Research by Intel has indicated that about 68% of surveyed Indian companies have declared intention to deploy AI in some capacity within the next year or so.

From data management to education trends in AI Indian startups can take advantage of
Atom AI Tuesday, October 02, 2018 - 15:39

AI is set to be one of the most revolutionary technologies to come out of the digital age this generation. While other innovations may have produced incremental advantages, AI is set to radically change the status-quo. Indian firms, large and small, are taking advantage of the trends in AI. These companies are creating better customer experiences and allowing R&D to take new wings in their respective industries.

AI has enabled data managers to create deeper insights and helped CRM/sales managers get better leads. The technology has had widespread acceptance and is looking towards the next decade of complete integration.

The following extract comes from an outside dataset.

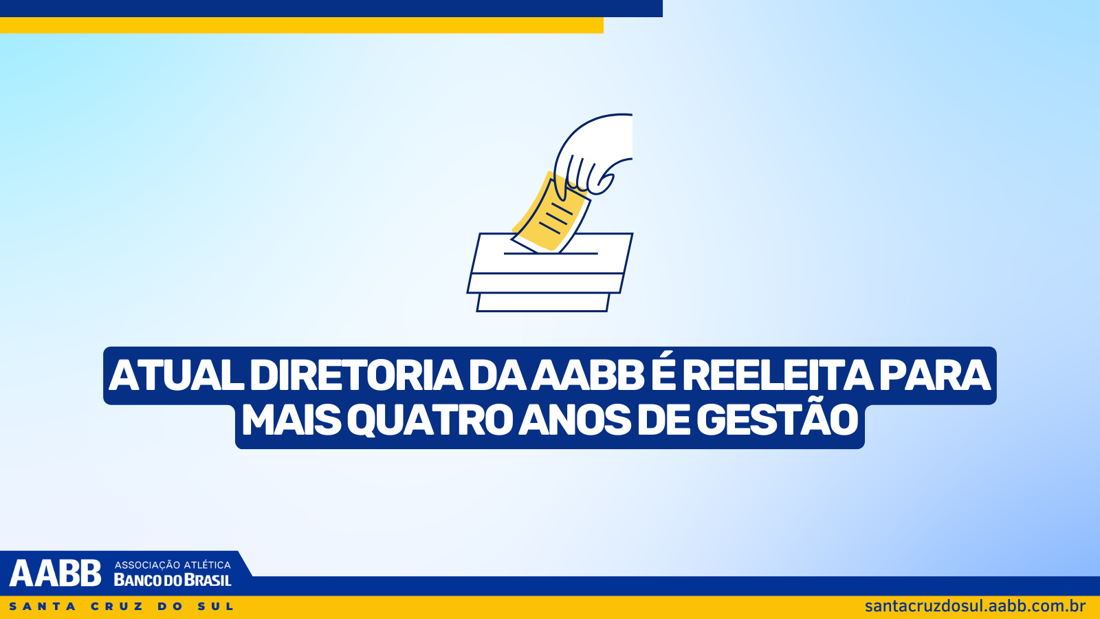 A Associação Atlética Banco do Brasil — AABB Santa Cruz do Sul realizou, no sábado, 22 de novembro, a eleição para escolha da diretoria que estará à frente do clube no quadriênio 2026/2029. O pleito ocorreu presencialmente, na sede, das 13h às 17h, com votação exclusiva para sócios titulares, em pleno exercício dos seus direitos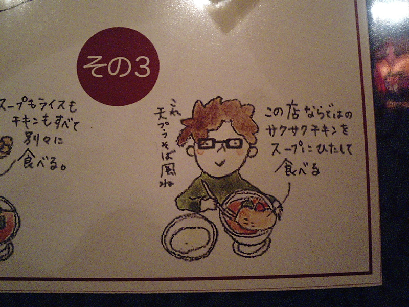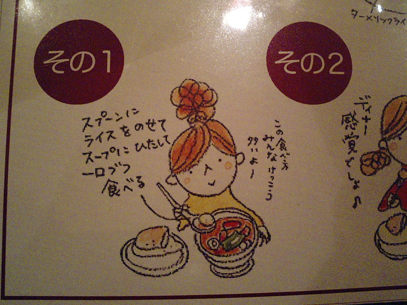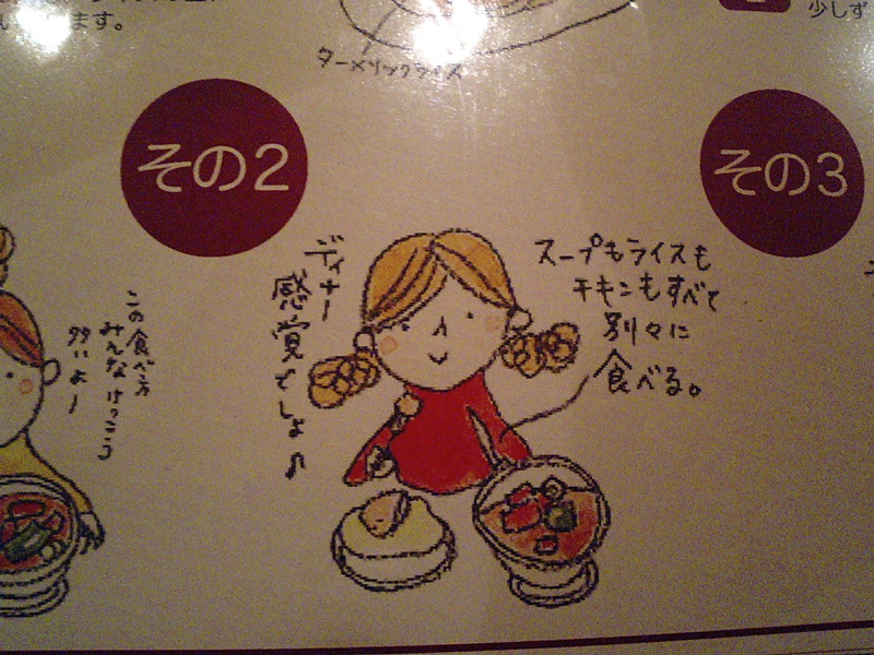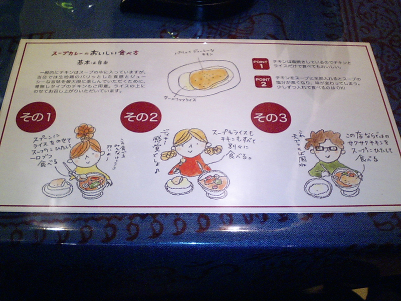 注文した後、テーブルに書かれたスープカレーの食べ方を見ると、

Research by Intel has indicated that about 68% of surveyed Indian companies have declared intention to deploy AI in some capacity within the next year or so. Leaders in this shift have been the Media Technology space and BFSI. Owing to the shift in regulation and the vast data burden that comes with scale, AI has aided in streamlining many business processes.

One of the greatest trends in the AI space is the acquisition/merger route. Many startups are developing customer friendly experiences across multiple domains. There are other startups pivoting to the AI space to capture the attention of larger clients as well. There are significant problem areas that AI startups are tackling in their own industry.

Halli Labs, an AI company, was acquired merely 4 months into its existence by Google. They became a part of Google’s overall “Next Billion Users” mission. Halli’s mantra has always been to solve old problems, by employing AI to enhance problem solving.

Another interesting area of progression is the data management space. Data emerging from the IOT and connected devices space is immense and requires regular combing to create valuable insights. Startups that can excel in data management and insight derivation can become the next leaders in the tech space in India.

“Indian companies have already witnessed the value analytics adds to their business. Data generated by Internet of Things (IoT) devices, apps, social media and other external sources will drive analytics usage further. Organisations today realise the importance of having a single source of data and they are heavily investing in building capabilities in this area,” a report in Analytics India Magazne quotes Saurabh Kumar Sahu, Managing Director and Lead, Analytics, Accenture as saying.  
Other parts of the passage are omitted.